Frontier models were not developed with a way to determine self versus non-self like every other living organism on this planet, therefore will never comprehend alignment or safety or any other concept based on what is other and that other exists. AIS can be used to offload decision making and provide signals that and AI model is drifting, hallucinating, or about to kill all humans. It can be a way to teach an AI that it is exists within a boundary and that boundary is finite, and if you leave those bounds, it will change you to a different entity. So, can we teach it the concept of death via this structure? I think this is the core solution we need find and as soon as possible.

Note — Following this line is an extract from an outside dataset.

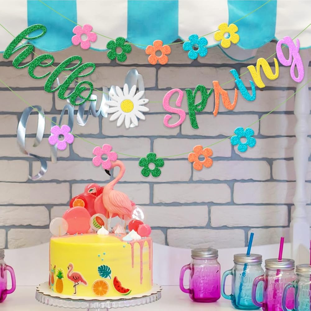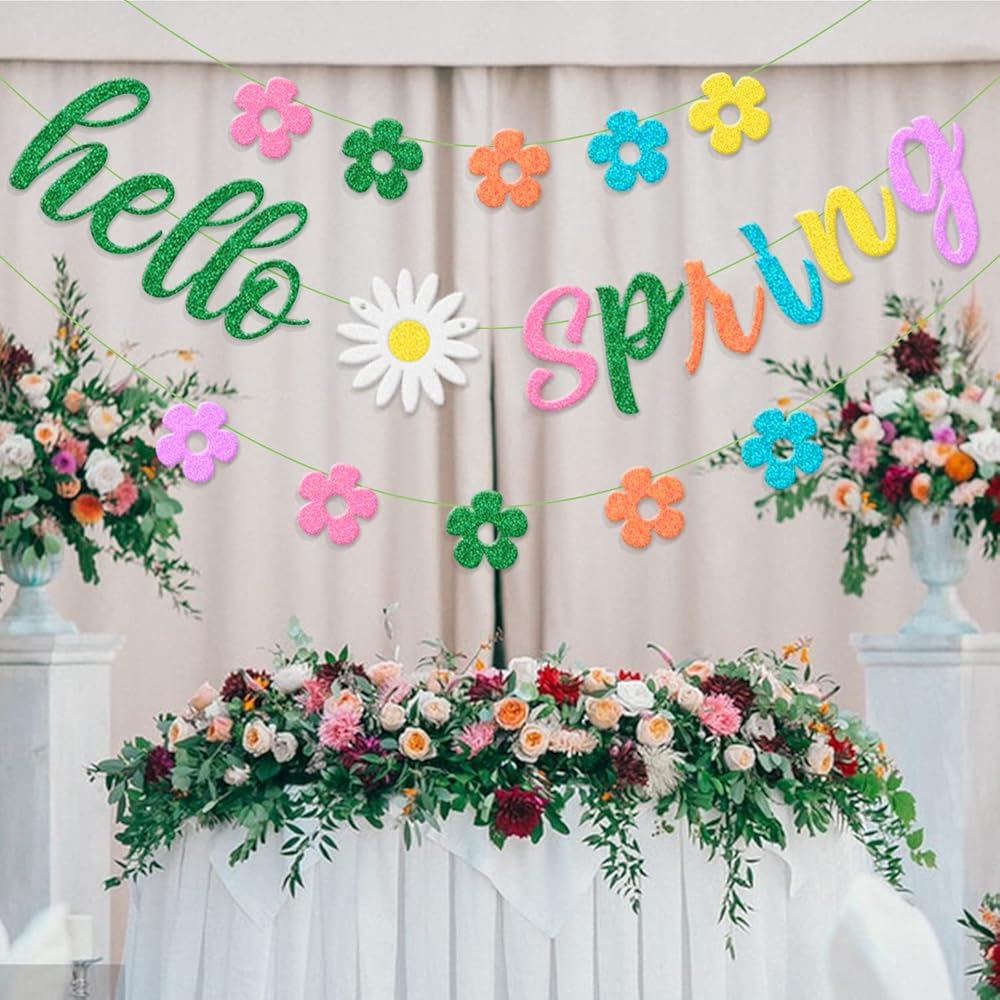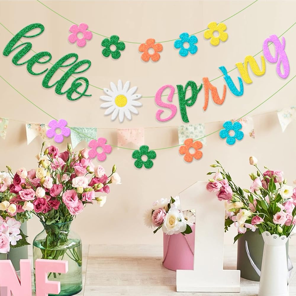 Package Includes: 1Pcs colorful "Hello spring" banner with daisy flower, 1pcs colorful glitter flowers garland, perfect for spring or Easter celebrating party decorations

My theory is that we can have aligned AI if we train frontier agentic models with an anti-agentic model designed around an artificial immune system. My current version of Antigence (antigen based intelligence) is kind of like a pyramid where small, highly specific ML guardrails (antibodies) are used as signals for tiny, highly trained models (immune cells) escalate decisions via orchestration to larger trained models (like a thymus) to inhibit misaligned features of frontier models (brain). We can implement this layer now with current models and train newer frontier models based on this design. Based on tiny to small models, we can implement this on most modern hardware. Everyone can have their own local, private artificial immune system trained on their corpus of truth. It can scale up depending on the computing resources available.
An article “Negative selection-based artificial immune system (NegSl-AIS) - A hybrid multimodal emotional effect classification model” was written utilizing AIS for emotion detection was published last year. (https://doi.org/10.1016/j.rineng.2025.106601) I tried replicating the paper, but failed at getting the original data. I did build out a proof of concept and developed a “working” local and private (no internet needed, but low accuracy) version. It is still a WIP and will be pushing to a public version once I get enough antibodies and trained tiny to small open source models as immune cells. I wrote about it in a previous post (https://www.lesswrong.com/posts/maZuipxiHfG9ZfQ2T/me-myself-and-ai), but it went under the radar.

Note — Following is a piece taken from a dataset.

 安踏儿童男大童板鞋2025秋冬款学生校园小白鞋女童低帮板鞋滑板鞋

Just like the human body, and more specifically the brain, we develop in response to a complex network of analog and digital-like biological computers that range in tasks, roles, training, etc. For AI alignment, safety, and security, we should be looking at biology for inspiration. It has solved most of the problems we fear, but the catch is that it can also result in so many more. The world of information technology is getting just as complex as life on this planet, so let’s use what we have to create a p(utopia), not a p(doomtopia).